- [Exercise]: Your answer must hold only the lines below from the line containing "Interruttore di fine" through the line containing "- Общая площадь: 41.7 м²", each reproduced exactly.

- [Given entries]:
§ §

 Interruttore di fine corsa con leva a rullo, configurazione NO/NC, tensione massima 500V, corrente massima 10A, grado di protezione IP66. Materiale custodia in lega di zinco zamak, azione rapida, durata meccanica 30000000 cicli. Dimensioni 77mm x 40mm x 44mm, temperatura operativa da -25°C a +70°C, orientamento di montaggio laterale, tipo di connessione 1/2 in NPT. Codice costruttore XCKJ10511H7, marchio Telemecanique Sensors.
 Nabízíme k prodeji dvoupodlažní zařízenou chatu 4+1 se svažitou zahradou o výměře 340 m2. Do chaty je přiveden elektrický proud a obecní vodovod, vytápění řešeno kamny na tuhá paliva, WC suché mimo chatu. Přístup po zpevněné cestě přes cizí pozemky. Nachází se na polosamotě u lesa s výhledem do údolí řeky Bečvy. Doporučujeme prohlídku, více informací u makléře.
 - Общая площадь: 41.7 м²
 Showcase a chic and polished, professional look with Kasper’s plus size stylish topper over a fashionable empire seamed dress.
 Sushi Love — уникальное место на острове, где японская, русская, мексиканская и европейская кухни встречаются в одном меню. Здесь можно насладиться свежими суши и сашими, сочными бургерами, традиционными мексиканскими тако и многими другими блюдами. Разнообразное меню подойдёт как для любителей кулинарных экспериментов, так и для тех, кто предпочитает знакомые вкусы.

§ §

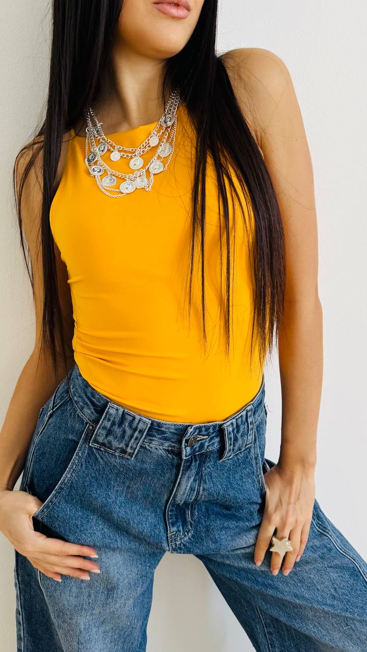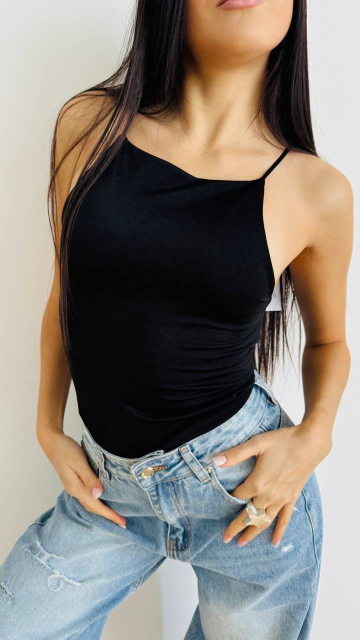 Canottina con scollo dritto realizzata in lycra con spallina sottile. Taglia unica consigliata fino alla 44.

§ §

- [Written solution]:
 Interruttore di fine corsa con leva a rullo, configurazione NO/NC, tensione massima 500V, corrente massima 10A, grado di protezione IP66. Materiale custodia in lega di zinco zamak, azione rapida, durata meccanica 30000000 cicli. Dimensioni 77mm x 40mm x 44mm, temperatura operativa da -25°C a +70°C, orientamento di montaggio laterale, tipo di connessione 1/2 in NPT. Codice costruttore XCKJ10511H7, marchio Telemecanique Sensors.
 Nabízíme k prodeji dvoupodlažní zařízenou chatu 4+1 se svažitou zahradou o výměře 340 m2. Do chaty je přiveden elektrický proud a obecní vodovod, vytápění řešeno kamny na tuhá paliva, WC suché mimo chatu. Přístup po zpevněné cestě přes cizí pozemky. Nachází se na polosamotě u lesa s výhledem do údolí řeky Bečvy. Doporučujeme prohlídku, více informací u makléře.
 - Общая площадь: 41.7 м²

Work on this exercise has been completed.